Once viewed with scepticism, the discussion around climate change and securing a sustainable energy pathway to net zero has now become the accepted mainstream view, according to the CEO of Masdar.

Founded 16 years ago, the UAE-owned renewable energy firm has a presence in 40 countries, with a capacity of 20gw, made up of operational projects or those under construction, secured or committed.

At a panel discussion at Abu Dhabi Sustainability Week (ADSW), Mohamed Al Ramahi said: “Our ultimate objective is to grow our capacity in the next seven years up to 100gw.”

He added that today’s level of climate change recognition was an alien concept when he first joined the renewable energy giant.

“When Masdar started, people would laugh at us,” he said. “They would say, ‘what are you doing?’ That was the case not only for our region, nobody knew. 

“People were still thinking, ‘what are they talking about?’ when scientists said the ice is melting and the sea levels are going to rise. Today everyone believes climate change is real.”

Acceptance and inclusion has helped Masdar on its expansion journey. “It’s never been easy, but the momentum and commitment are there,” said Al Ramahi.

Masdar is a partner in the Energy Transition Accelerator Financing Platform, the money arm of the International Renewable Energy Agency, aimed at mobilising capital to scale up funding in developing countries by 2030.

Following an agreement signed at Cop27 in Egypt last year, Masdar intends to contribute a potential investment of up to $200 million in the programme and joins founding partner Abu Dhabi Fund for Development (ADFD), which has already anchored an investment of $400 million.
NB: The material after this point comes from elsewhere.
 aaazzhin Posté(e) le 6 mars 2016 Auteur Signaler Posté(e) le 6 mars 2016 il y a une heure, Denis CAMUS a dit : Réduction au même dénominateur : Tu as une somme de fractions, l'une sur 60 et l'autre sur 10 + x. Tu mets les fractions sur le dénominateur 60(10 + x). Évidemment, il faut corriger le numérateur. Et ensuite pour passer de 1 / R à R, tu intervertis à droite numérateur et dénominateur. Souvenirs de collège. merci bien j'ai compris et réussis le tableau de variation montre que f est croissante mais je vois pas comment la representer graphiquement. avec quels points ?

Also on the ADSW discussion panel was Agnès Pannier-Runacher, minister for energy transition in France which, as an EU member has committed to reducing CO2 emissions by 55 percent by 2030.

“[The commitment] is demanding but it will push us to accelerate into investing and to send the right signals to the private market,” Pannier-Runacher said.
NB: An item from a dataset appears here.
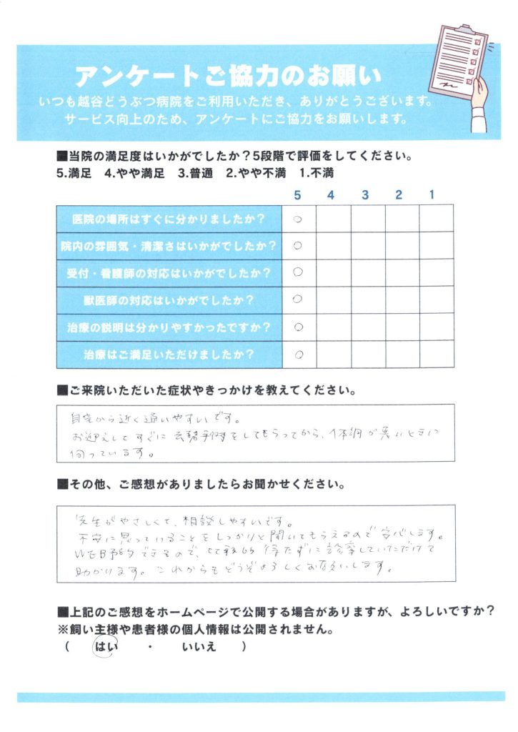 これからも飼い主様と動物たちに寄り添った診療を行ってまいります。

“We believe this is the right plan if we want to be ready by 2030 and to be at net zero carbon by 2050.”

Dr. Sultan Al Jaber, who was last week named president of Cop28, this year’s UN climate summit to be held in Dubai, said at the Atlantic Council Global Energy Forum this weekend that finance reforms were needed because the world was “way off track” to reach the goals of the 2015 Paris climate accord.

Al Jaber, also CEO of state-owned oil giant Adnoc, said he wants Cop28 to be “practical” and “leave no one behind”.
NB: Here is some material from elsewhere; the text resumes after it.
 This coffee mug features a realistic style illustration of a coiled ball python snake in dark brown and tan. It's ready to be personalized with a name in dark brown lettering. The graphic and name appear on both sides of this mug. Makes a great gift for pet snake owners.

Lorenzo Simonelli, CEO of oil field services company Baker Hughes, said partnerships between the public and private sector were crucial to deliver success.

“Technology will not be the obstacle – we’ve been involved in hydrogen since the 1960s, and in compression for over 80 years,” he said. 

“But we need the right government policies and NGOs understanding of what it actually means to have a decline in emissions versus going from emissions to no emissions.”